Suis-je snob ?- La valeur du rire-La nièce d’un comte – Brummel le Beau – La robe neuve – Un soir dans le Sussex. Réflexions dans une automobile- La mort du paillon – Qu’offrir à un snob ? de Walter Benjamin.
« Suis-je snob ? » se demande Virginia Woolf dans un des essais rassemblés par les éditions Payot et Rivages, sortes de conversations entre elle et un interlocuteur invisible. Suis-je snob, c’est au fond se poser la question d’une esthétique de l’existence, se demander quel gouffre habite cette distance entre soi et les autres, entre soi et soi, entre son monde intérieur et celui qu’on représente ?
Le snobisme tel que l’entendait Virginia Woolf, désignait alors la fascination pour la noblesse de sang, les titres, les châteaux… S’il fascine Virginia Woolf, explique Maxime Rovere, dans son introduction, c’est qu’il « offre l’image d’une position assurée dans le monde. ». En effet, il est particulièrement difficile pour chacun d’entre nous de nous assurer de notre propre valeur ou d’échapper à l’inquiétude d’être soi. Nous ne savons jamais vraiment qui nous sommes et nous quémandons souvent la reconnaissance dans le regard de l’autre. Soumis à d’infinies variations, menacés par la ruine du corps et de l’esprit, le moi ne possède pas d’identité stable. Or l’aristocrate « tient sa valeur et sa légitimité sociale d’une naissance acquise une fois pour toutes. ».
A travers ce qui n’aurait pu être qu’un texte léger, l’auteur aborde ce désir au cœur de tout Homme d’être reconnu, accepté et aimé par les autres. La question du statut social , de la reconnaissance qu’apportent les diplômes, la naissance, le milieu et l’argent, ne serait pas si cruciale si elle ne faisait écho à une inquiétude fondamentale qui répond à la difficulté d’être soi.
En lisant Virginia Woolf, j’ai souvent été frappée par le fait qu’elle s’excuse souvent, même si c’est sous forme de boutade, de n’avoir pas fait d’études, d’être ignorante.
Ce que j’aime particulièrement dans ces essais, c’est cette façon qu’elle a de penser et de raconter en même temps, une pensée narrative qui intègre l’esthétique du récit et la rigueur de la pensée. Une pensés qui se forme en racontant, et que Léa Gauthier a su parfaitement expliquer dans son introduction à la lecture de « Trois guinées ».
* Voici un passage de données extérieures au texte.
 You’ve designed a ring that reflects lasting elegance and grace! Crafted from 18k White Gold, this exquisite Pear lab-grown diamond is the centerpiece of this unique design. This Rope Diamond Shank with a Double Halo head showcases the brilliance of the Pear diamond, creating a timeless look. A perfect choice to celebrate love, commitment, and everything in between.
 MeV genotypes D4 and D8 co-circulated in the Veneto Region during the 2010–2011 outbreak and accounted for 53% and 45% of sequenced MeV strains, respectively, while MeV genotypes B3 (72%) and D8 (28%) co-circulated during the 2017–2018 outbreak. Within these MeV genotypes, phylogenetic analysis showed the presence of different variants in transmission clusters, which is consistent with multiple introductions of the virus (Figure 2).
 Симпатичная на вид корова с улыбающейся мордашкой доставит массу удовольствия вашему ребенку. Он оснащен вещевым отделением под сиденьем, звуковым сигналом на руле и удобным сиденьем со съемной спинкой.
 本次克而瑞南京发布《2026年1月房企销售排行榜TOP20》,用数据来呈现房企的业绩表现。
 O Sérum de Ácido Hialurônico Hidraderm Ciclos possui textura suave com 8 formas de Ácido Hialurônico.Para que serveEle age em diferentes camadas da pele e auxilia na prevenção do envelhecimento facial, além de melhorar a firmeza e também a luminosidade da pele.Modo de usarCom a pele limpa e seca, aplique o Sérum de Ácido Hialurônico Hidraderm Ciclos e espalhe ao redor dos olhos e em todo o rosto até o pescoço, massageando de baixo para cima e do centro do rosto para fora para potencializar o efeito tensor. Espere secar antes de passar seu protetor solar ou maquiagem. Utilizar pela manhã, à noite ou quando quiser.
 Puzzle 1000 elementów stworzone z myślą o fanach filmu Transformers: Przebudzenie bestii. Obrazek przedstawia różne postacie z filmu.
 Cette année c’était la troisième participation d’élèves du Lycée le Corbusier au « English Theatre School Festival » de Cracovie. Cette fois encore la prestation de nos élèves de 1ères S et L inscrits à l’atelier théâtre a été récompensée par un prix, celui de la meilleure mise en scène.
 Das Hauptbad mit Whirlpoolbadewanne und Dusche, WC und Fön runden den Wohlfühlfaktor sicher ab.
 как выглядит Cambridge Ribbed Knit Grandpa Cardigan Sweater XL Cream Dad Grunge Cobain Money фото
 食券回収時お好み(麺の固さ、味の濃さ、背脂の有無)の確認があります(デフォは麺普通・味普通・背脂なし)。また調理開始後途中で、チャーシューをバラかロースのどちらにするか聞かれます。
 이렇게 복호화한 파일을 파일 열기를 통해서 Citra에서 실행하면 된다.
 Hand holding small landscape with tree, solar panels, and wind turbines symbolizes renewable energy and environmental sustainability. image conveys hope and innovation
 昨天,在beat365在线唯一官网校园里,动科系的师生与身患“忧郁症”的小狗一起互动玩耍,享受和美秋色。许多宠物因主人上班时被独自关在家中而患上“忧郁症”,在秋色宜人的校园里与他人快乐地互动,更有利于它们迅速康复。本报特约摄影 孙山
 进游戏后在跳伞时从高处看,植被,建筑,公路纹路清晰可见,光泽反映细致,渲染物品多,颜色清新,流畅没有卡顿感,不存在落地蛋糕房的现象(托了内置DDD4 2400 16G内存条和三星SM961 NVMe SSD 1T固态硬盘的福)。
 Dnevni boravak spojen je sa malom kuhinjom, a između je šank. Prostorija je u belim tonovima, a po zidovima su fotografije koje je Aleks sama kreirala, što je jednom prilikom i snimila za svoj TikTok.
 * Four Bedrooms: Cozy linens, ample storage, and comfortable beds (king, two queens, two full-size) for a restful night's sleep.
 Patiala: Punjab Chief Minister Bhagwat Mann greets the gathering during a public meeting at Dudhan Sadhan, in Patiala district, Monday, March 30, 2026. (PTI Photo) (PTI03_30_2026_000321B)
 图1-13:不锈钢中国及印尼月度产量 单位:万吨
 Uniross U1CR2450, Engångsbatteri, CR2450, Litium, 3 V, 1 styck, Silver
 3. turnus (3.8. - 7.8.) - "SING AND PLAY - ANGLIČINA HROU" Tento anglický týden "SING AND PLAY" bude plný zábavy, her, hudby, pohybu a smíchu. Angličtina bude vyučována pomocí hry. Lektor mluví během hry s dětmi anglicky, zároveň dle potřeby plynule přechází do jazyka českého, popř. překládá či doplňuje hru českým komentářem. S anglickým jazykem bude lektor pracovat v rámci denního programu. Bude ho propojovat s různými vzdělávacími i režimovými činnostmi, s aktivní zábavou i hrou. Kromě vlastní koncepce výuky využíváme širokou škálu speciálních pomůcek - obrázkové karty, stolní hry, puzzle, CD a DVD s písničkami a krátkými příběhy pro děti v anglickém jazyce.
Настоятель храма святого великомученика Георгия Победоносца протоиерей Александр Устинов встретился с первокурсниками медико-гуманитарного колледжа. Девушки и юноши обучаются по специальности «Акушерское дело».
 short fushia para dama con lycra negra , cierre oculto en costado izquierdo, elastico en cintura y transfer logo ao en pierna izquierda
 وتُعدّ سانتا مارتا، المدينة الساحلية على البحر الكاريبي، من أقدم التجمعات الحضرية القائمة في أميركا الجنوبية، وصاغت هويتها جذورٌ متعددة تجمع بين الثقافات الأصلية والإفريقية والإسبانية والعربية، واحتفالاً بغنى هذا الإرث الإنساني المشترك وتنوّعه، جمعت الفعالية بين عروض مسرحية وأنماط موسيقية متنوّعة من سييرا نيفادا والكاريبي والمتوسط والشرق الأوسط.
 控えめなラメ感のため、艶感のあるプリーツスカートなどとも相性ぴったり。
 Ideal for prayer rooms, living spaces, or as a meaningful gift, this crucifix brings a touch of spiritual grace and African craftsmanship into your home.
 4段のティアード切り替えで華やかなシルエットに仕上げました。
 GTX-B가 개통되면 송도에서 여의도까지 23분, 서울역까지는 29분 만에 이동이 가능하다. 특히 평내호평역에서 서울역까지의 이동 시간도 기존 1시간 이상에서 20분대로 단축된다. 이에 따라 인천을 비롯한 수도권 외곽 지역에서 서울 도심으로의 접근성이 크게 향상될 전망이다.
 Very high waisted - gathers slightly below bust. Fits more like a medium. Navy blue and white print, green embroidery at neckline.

Mais comment joue l’irradiation du snob ? Comment sa seule fréquentation peut-elle nous communiquer une part de son assurance ? Si le moi peu peser – « Dieu du ciel ! Encore moi ! », s’écrie Virginia Woolf- il peut également nous fasciner et être le sujet de nos observations.
L’aristocrate est « plus libre, plus naturelle, plus excentrique » que nous. C’est ce manque d’assurance personnelle qui conduit à la chercher chez les autres. Et Virginia de conclure :
« N’importe quel groupe de gens, s’ils sont bien habillés, s’ils brillent en société et si je ne les connais pas, feront l’affaire. »
Tout cela dit avec humour, d’abord rire de soi, même si « l’humour nous a-t-on enseigné, est inaccessible aux femmes. »
L’humour suppose une lucidité, un regard acéré sur les autres et sur soi-même.
L’admiration naît de la verticalité des relations humaines dans une société où « nous sommes cloisonnés, séparés, coupés les uns des autres. » Comment l’écrivain peut-il connaître les autres ? Est-il condamné à « ne pouvoir décrire intelligemment que les personnes de son niveau social ? » . Virginia Woolf fait remarquer que ces grands que nous suivons depuis le début, nous ne les connaissons pas, car « les grands de ce monde n’ont presque pas écrit et jamais sur eux-mêmes ». Le dandy est celui qui sacrifie le mieux au monde des apparences, au détriment souvent de son intelligence, car ce mode de vie est le seul « qui pouvait le placer dans une lumière éclatante, et lui permettre de se distinguer du troupeau ordinaire des hommes. »
Mais cette fascination ne vient-elle pas d’une faille intérieure qui nous rend faibles et incertains ? Une nouvelle robe peut nous conduire à douter de nous-mêmes, puis-je être sûre « de la pitié et de l’amour et ne pas être renversée en une seconde lorsque j’entre dans une salle pleine de monde ? ». La pauvreté qui nous met à l’écart du bon goût est un sérieux handicap. L’habit ne fait pas le moine, dit-on. Difficile d’acquérir cette aisance que possède celui qui maîtrise les codes.
Mais pour finir, nous ferons tous comme ce papillon, condamné à disparaître dans l’indifférence du Monde.